Sunbutter cookies with marshmallow fluff

Sunbutter cookies with marshmallow fluff

Firstly, that old caveat – I never promised you a clean-living blog…  I did really want to like sunbutter which, if you didn’t know, is butter made from sunflower seeds like peanut butter is made of peanuts.  Whereas I do love the love nut butters: peanut, almond, hazelnut, etc. and I’m a big fan of tahini, which is just sesame seed butter in all but name, I’m just not feeling it with sunbutter.  I like sunflower seeds well enough, but the butter has a background flavour I just don’t care for.  It’s a bit, oh I don’t know, grassy…  And when all the nut butters are so delicious I actually crave them, why would I choose something I don’t like so much?  C, however, thinks sunbutter is marvellous and is happy eating it straight off a spoon.  I’m not convinced though she can make it all the way through a jar by herself without some assistance from my good self.  She is only two after all.  I tell you what I do like, and that’s marshmallow fluff.  I do realise it’s made out of sugar, sugar, and more sugar and you probably shouldn’t make fluffernutters every day for breakfast but did I mention that it is gluten-free??  So, here is my theory.  Yes it isn’t very good for you in vast quantities but if you sandwich it between two cookies made of the good stuff every once in a while why not enjoy it occasionally?

As for why I bought the sunbutter, I hear you ask?  Well I bought some because as C comes to an age where she’ll go to pre-school and then school, and all nuts are banned from entering school premises, I’m looking for alternatives.  Yes I know it’s almost impossible to suit all of the people all of the time and undoubtedly there will be some who can’t eat sunflower seeds, but I do appreciate the ramifications for those with an allergy are completely different for those with an intolerance or sensitivity.  Not that I’m playing down the unpleasant and possibly health-altering consequences of say, eating gluten when one shouldn’t.  Be no one is going to stab me, at least, with an EpiPen if I eat the wrong brownie.  Anyway, since my house is rammed FULL of nut products, I’d like to be armed with substitutes that aren’t going to kill anyone going near my child.  So I bought sunbutter and now I know I don’t like it.  What’s a girl to do then but make cookies!  Cooking does indeed change the flavour I’m not keen on for the better and both cookies ended up quite delicious.  They are very soft in texture – I wonder if I subbed out golden syrup for the maple that would make them chewier?  Well I’ve got half a jar of sunbutter left, so we shall perhaps see.

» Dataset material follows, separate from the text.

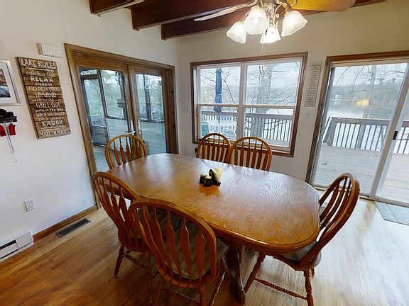 SPECTACULAR LAKEFRONT VIEWSContemporary on a landscaped Lakefront parcel with prime lake frontage and Southern exposure, features beamed great room with vaulted ceilings, stone fireplace and lots of glass with spectacular lake views, custom kitchen with eating bar and appliances, bright dining room with views and doors to large screened porch and deck, 1st floor master plus 3 additional bedrooms, 2 baths, laundry, large family room loft with super views, on a 100 acre lake, large Lakeside deck and private dock.
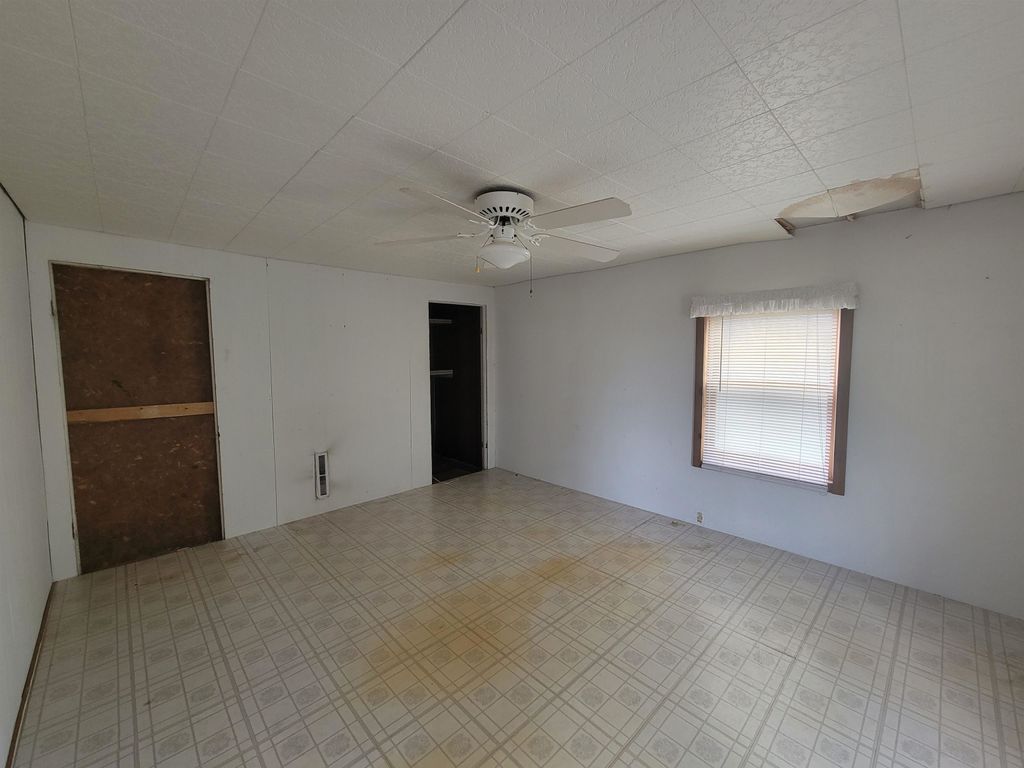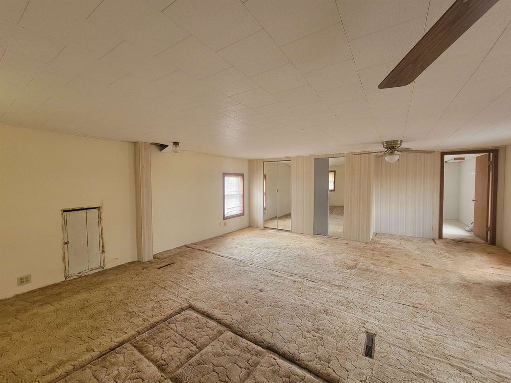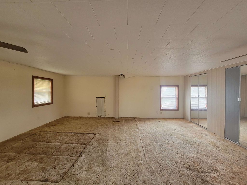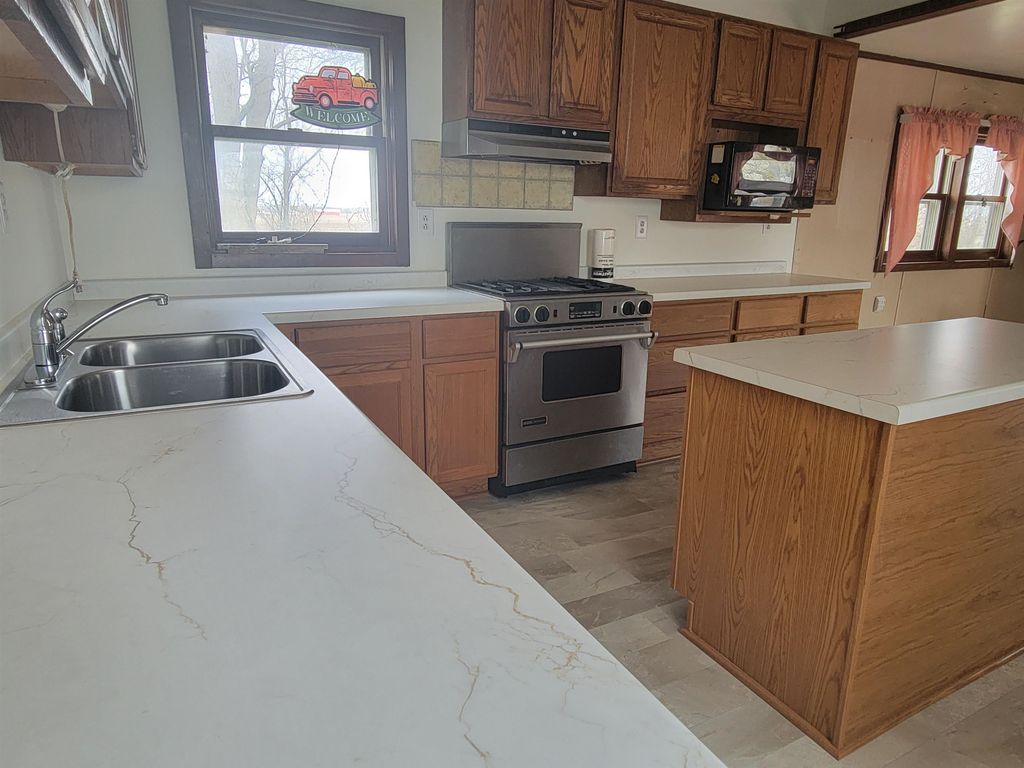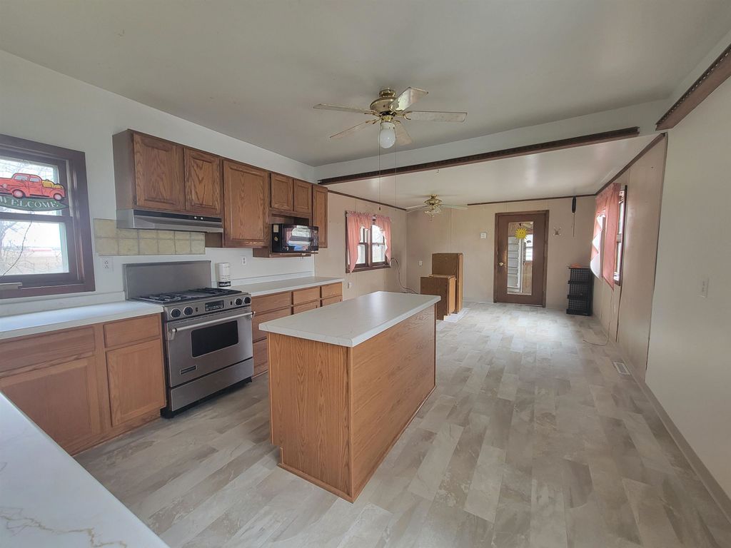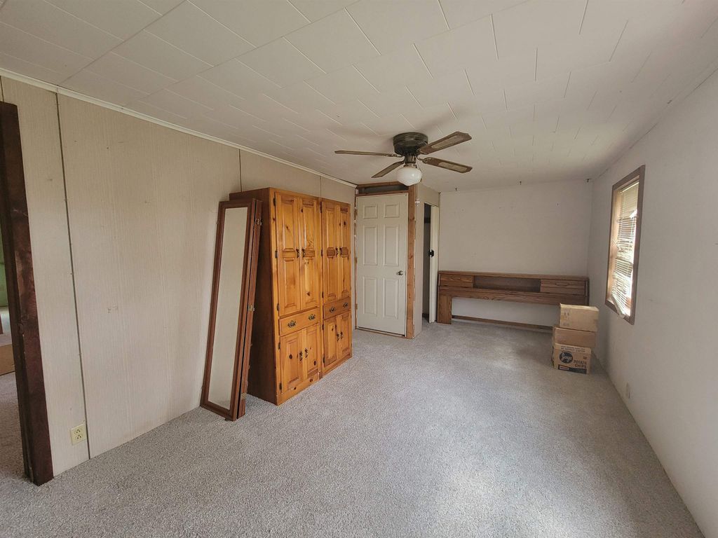Spacious older farmhouse with lots of potential. Huge "Country Kitchen" has been recently updated with brand new lower cabinets, counters and flooring. Newer carpeting in living room and main floor bedroom. Upstairs carpet will need to be replaced. Private, peaceful 2 acre setting with mature trees. Nice sized two car garage. Due to recent storms, the main roof has had some shingles lifted and owner is in process of repairing. Could be a lovely property once again with some TLC.

Sunbutter cookies with marshmallow fluff

Prep time 10 minutes Cook time 10 minutes Makes 8 sandwiched cookies

You can, of course, make all one flavour if you prefer, so don’t divide the cookie dough when it’s mixed and add either double the raisins or double the cocoa depending on which you have chosen

Preheat oven to 160ºC fan-assisted

  • 1 large egg, lightly beaten
  • 250g sunbutter (I used Eskal Freenut Butter Smooth)
  • 1 tsp vanilla extract
  • 60ml maple syrup (honey or golden syrup may also work here)
  • 25g gluten-free oat flour (I used Bob’s Red Mill)
  • ¼ tsp bicarbonate of soda
  • 30g raisins (or 60g if making all raisin cookies)
  • 1 tbsp cocoa powder (or 2 tbsp if making all chocolate cookies)
  • marshmallow fluff for filling (or alternative – buttercream, or ice cream if you doubled your cookie size would probably work)

In a large bowl lightly beat the egg, and then add the sunbutter, vanilla, and maple syrup.  Mix together well and sprinkle over the flour and bicarbonate of soda.  Stir again and then divide your mixture into two bowls if making the two flavours (I did this by weighing the total dough in another bowl, and then transferring half back to the original bowl).  Sprinkle the raisins into one bowl and mix together.  Sprinkle the cocoa into the other bowl and mix together.  Taking two baking trays, roll your cookies into 8 a walnut-sized balls per flavour in your hand and space out evenly on the trays.  Use a fork to flatten the balls into a biscuit shape as they do not spread much on cooking.  Bake for 10 minutes, allow to cool on the trays for another 5 minutes, and then transfer to a wire rack until completely cold.  Take spoonfuls of marshmallow fluff and cover the underneath of each cookie.  Then sandwich them together in pairs and serve.  Do this right before you serve them because the fluff will run out, and only stays between the cookies for a relatively short time.  Eat up quick then!